Found it. The base class must be decorated with XMLIncludeAttributes
referencing the derived classes. One of those many things that seems
like it ought to be default behaviour.... I wouldn't be so frustrated
even autocompleting these values for me.
Quote:
I'm getting acquainted with the whole XML/XSD thing, and I've run into
a wall. I have a tree of objects that I deserialize from XML for
configuration reasons. I have generated XSD from the classes for this
tree. I have made an XML file that validates against that XSD.
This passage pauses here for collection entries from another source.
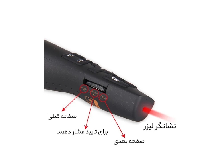 نقطه لیزری قرمز رنگ آن، با وضوح و بُرد بالا، به شما کمک میکند تا توجه مخاطبان را به نقاط کلیدی و مهم محتوای خود جلب کنید. دکمههای کنترلی بزرگ و خوشدست این دستگاه، امکان جابجایی سریع و آسان بین اسلایدها (عقب و جلو) و همچنین حالت تمام صفحه را فراهم میآورد.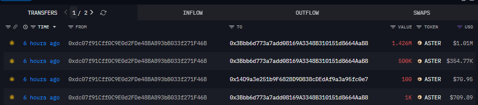 A whale deposited 1.926 million ASTER tokens into a CEX; if it were to sell them, it could lose $600,000.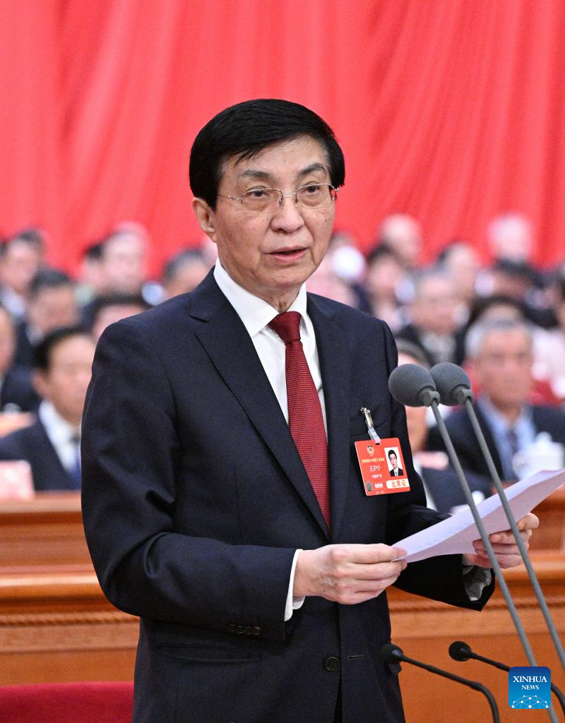 Wang Huning, chairman of the Chinese People's Political Consultative Conference (CPPCC) National Committee, presides over the closing meeting of the third session of the 14th CPPCC National Committee at the Great Hall of the People in Beijing, capital of China, March 10, 2025. Wang delivered a speech at the meeting. (Xinhua/Li Xueren)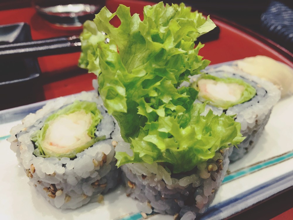 Poi è il momento degli Uramaki con Tempura di Gambero e insalata.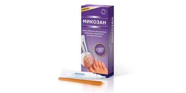 - Микозан – это противогрибковое средство, созданное из натуральных компонентов. Предназначено для уничтожения разных видов грибов. Курс лечения предусматривает нанесение лака на поверхность заражённых ногтей дважды в день 4 недели, не пропуская ни дня. Противопоказания – беременность, лактация, непереносимость компонентов. Побочные эффекты проявляются редко, возможен зуд и ощущение жжения. Цена – от 860 руб. Подробнее о лаке Микозан

However, when I try to deserialize from the XML file, I get complaints
that
>
System.InvalidOperationException was unhandled
Message="There is an error in XML document (11, 6)."
>
Now, this is using a validating reader based on XSD that was generated
from the very classes I'm trying to deserialize. The focus of the
problem is this: I use a lot of collections where the collection
contains the base, abstract class and the types within the collection
are of numerous derived classes. As a result, the names of the
XmlArray elements are the name of the abstract class, with the names of
the derived classes held in the xsi:type attribute. It seems that when
the XML Deserializer runs into these XSI:type attributes (the first of
which is at 11,6), it throws a hissy-fit.
>
Thus, the problem:
>
<MergeModules>
<MergeModule xsi:type ="MergeFiles"></MergeModule >
</MergeModules>
>
where MergeModule is my abstract class, "MergeFiles" is my derived
class, and both MergeModules and MergeFiles are valid XSD types that
were generated from the aforementioned assembly classes.
>
What gives? Is there some trick to cajole the XML Deserializer to use
my schema to help it figure out which XSD type corresponds to which
DotNet type? Or do I have to go through the rigamarole of manually
listing every single type that could exist in every single array that
holds a MergeModule? Some of the busiwork of that can be used with
XmlAttributeOverrides, but then I'm pretty sure that XSD.EXE will not
be aware of the procedurally-added attributes, and thus I'd have to go
through a whole different rigamarole with setting up an XSD
schema-exporter within my app.
>
Do I just have to suck it up and accept it that the statement (from the
XSD.EXE documentation):
"""
Classes to XSD
Generates an XML schema from a type or types in a runtime assembly
file. The generated schema defines the XML format used by
System.XML.Serialization.XMLSerializer.
"""
is false? Or is there some workaround, maybe by some bizarre
application of the SOAP deserializer?